Harry stand auf und gähnte. Ihm war leicht schwindelig. Ein Blick auf die Uhr sagte ihm, dass es neun Uhr morgens war, und jetzt bemerkte Harry auch, dass er Hunger hatte. Er ging nach unten.

Die anderen saßen bereits am Tisch, aber niemand aß. Als Harry die Küche betrat, wandten sich ihm alle Blicke zu.

"Morgen", sagte Harry und setzte sich zwischen Ron und Bill.

Niemand reagierte, und Harry sah sich am Tisch um. Alle Gesichter waren ihm zugewandt, brennend vor Neugierde.

"Es könnte funktioniert haben", sagte Harry.

Die Spannung schien zu explodieren. Hermine quietschte auf und warf beinahe ihre Kaffeetasse um. Ginny erwischte sie gerade noch, bevor sie zu Boden fallen konnte.

"Oh, Harry, das ist so WUNDERVOLL!" sagte Hermine, und da sie Harry von ihrem Platz aus nicht erreichen konnte, warf sie die Arme um Rons Hals und küsste ihn auf beide Wangen. Rons Gesicht wurde scharlachrot, aber Hermine bemerkte es nicht, denn sie hatte sich bereits zu Remus umgedreht, der rechts von ihr saß, und umarmte auch ihn. Remus strahlte.

"Wie war es?" fragte er. "Ist er dir erschienen oder hast du auch von ihm geträumt?"

"Ich habe geträumt", sagte Harry. Er wollte ihnen noch mehr erzählen, aber zu seiner Überraschung kamen folgende Worte aus seinem Mund, als er diesen öffnete: "Ich kann euch nichts darüber erzählen. Ich muss gleich heute Morgen aufbrechen."

"Aufbrechen?" wiederholte Mrs Weasley.

Harry wollte ihr sagen, dass er keine Ahnung hatte, warum er das gerade gesagt hatte. "Machen Sie sich keine Sorgen, Mrs Weasley, mir wird es gut gehen. Es ist ein Teil der Mission, auf die der Engel mich schickt."

"Mission?" fragten Ginny, Bill und Fred zusammen.

"Ich kann's euch nicht sagen", sagte Harrys Mund.

"Aber..." fing George an, doch Remus unterbrach ihn.

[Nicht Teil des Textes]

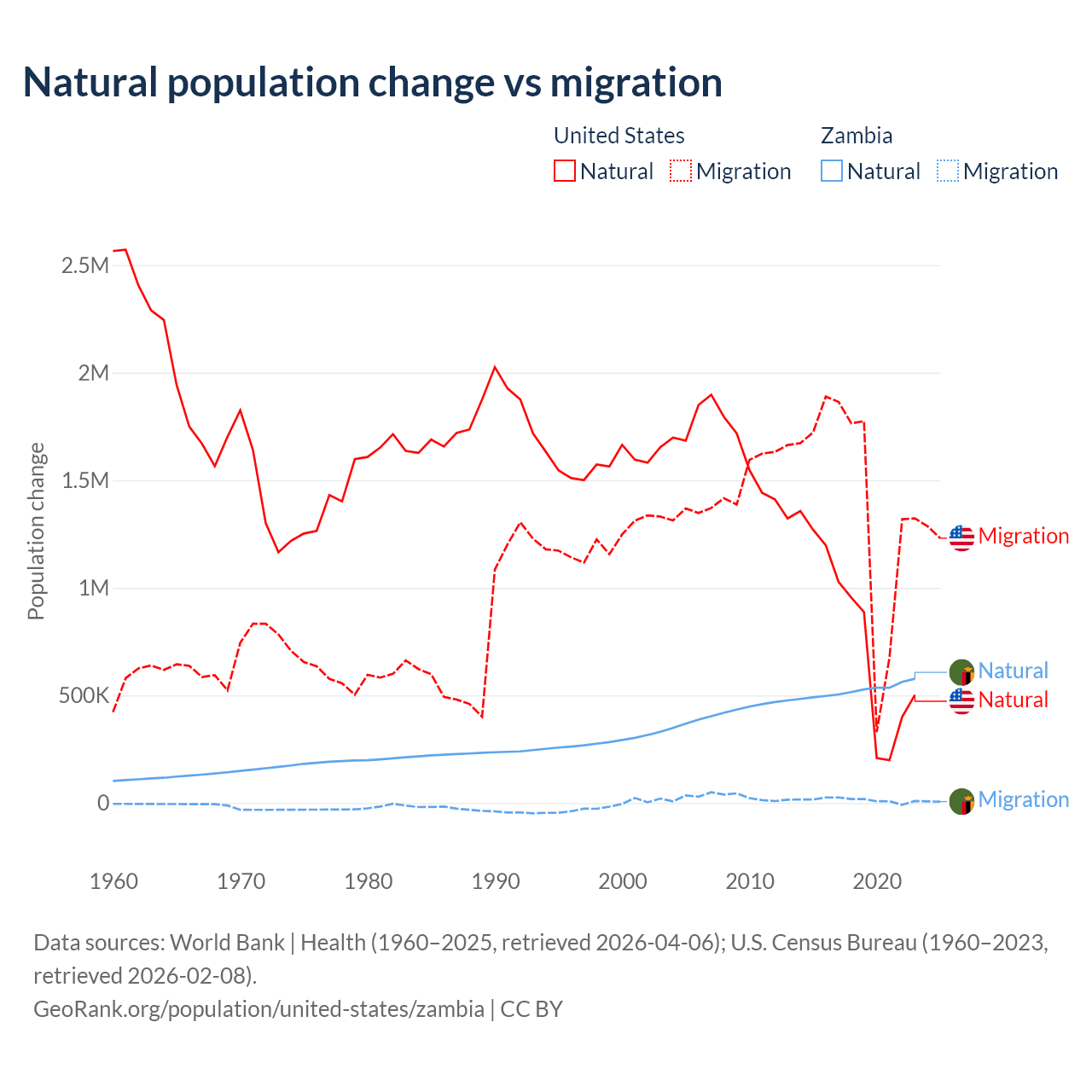Over the last 10 years, 35.8% of the population change in the United States is from natural causes (a gain of 8,005,866 people) and 64.2% is from migration (a gain of 14,334,286 people). In Zambia 97.4% is from natural causes (a gain of 5,233,797 people) and 2.58% is from migration (a gain of 138,554 people).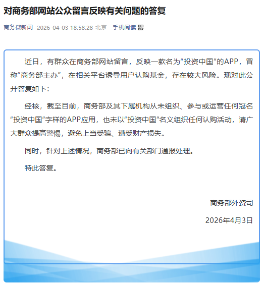 近日,有群众在商务部网站留言,反映一款名为“投资中国”的App,冒称“商务部主办”,在相关平台诱导用户认购基金,存在较大风险。现对此公开答复如下:

"Setz ihn nicht unter Druck, George. Wir wollen schließlich nicht dazwischenfunken, oder?"

"Natürlich nicht", sagte Arthur, der die Szene schweigend beobachtet hatte.

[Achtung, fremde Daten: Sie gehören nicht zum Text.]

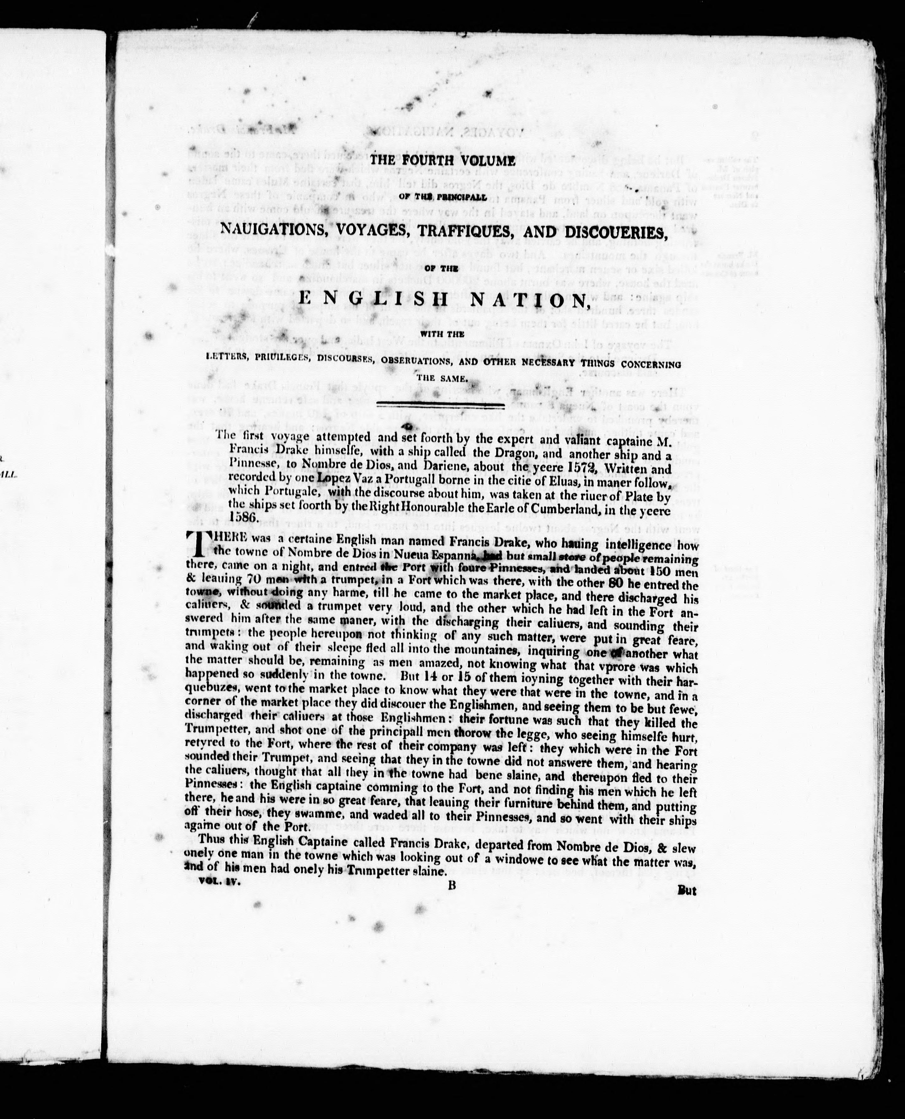Caption title: The fourth volume of the principal navigations, voyages, traffiques, and discoveries of the English nation ...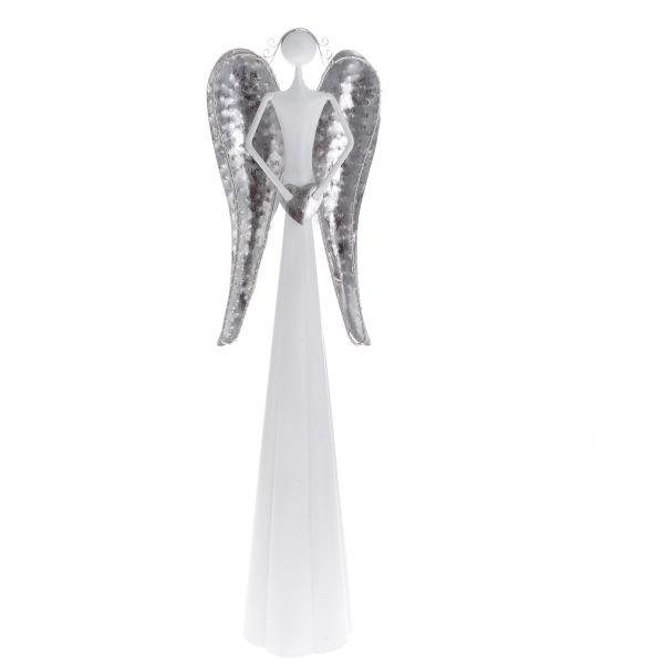Kovový anděl se srdcem, s LED světlem, 6/12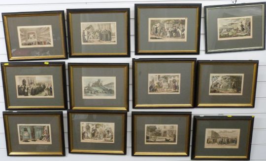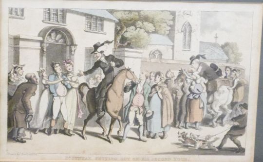 Set of twelve 19thC Rowlandson Dr Syntax etchings, 14 x 23cm

"Aber Harry, musst du alleine gehen?" fragte Ron. "Können wir nicht mitkommen?"

Harry wusste die Antwort nicht, aber trotzdem sagte er: "Es tut mir Leid, dieses Mal könnt ihr nicht mit mir kommen. Da muss ich alleine durch."

****

"Und du glaubst wirklich, du kannst das ohne unsere Hilfe machen, mein Lieber?" fragte Mrs Weasley, als sie alle vor dem Haus standen, um sich zu verabschieden.

Harry zuckte die Achseln. "Ich hätte nichts gegen Begleitung, aber ich weiß einfach, dass ich niemanden mitnehmen darf."

Mrs Weasley nickte. "Und du kannst wirklich nicht sagen, wo du hingehst?"

Harry schüttelte den Kopf. "Ich werde es wissen, wenn ich losgehe", sagte er.

Mrs Weasley gab ihm einen Rucksack. "Da drin ist etwas zu essen und zu trinken für dich", sagte sie. "Ich habe auch einen Schlafsack und etwas Muggelgeld eingepackt... obwohl ich bezweifle, dass du in einem Hotel übernachten wirst..." Sie sah ziemlich besorgt aus.

"Danke", sagte Harry. "Und keine Angst. Mir wird's gut gehen."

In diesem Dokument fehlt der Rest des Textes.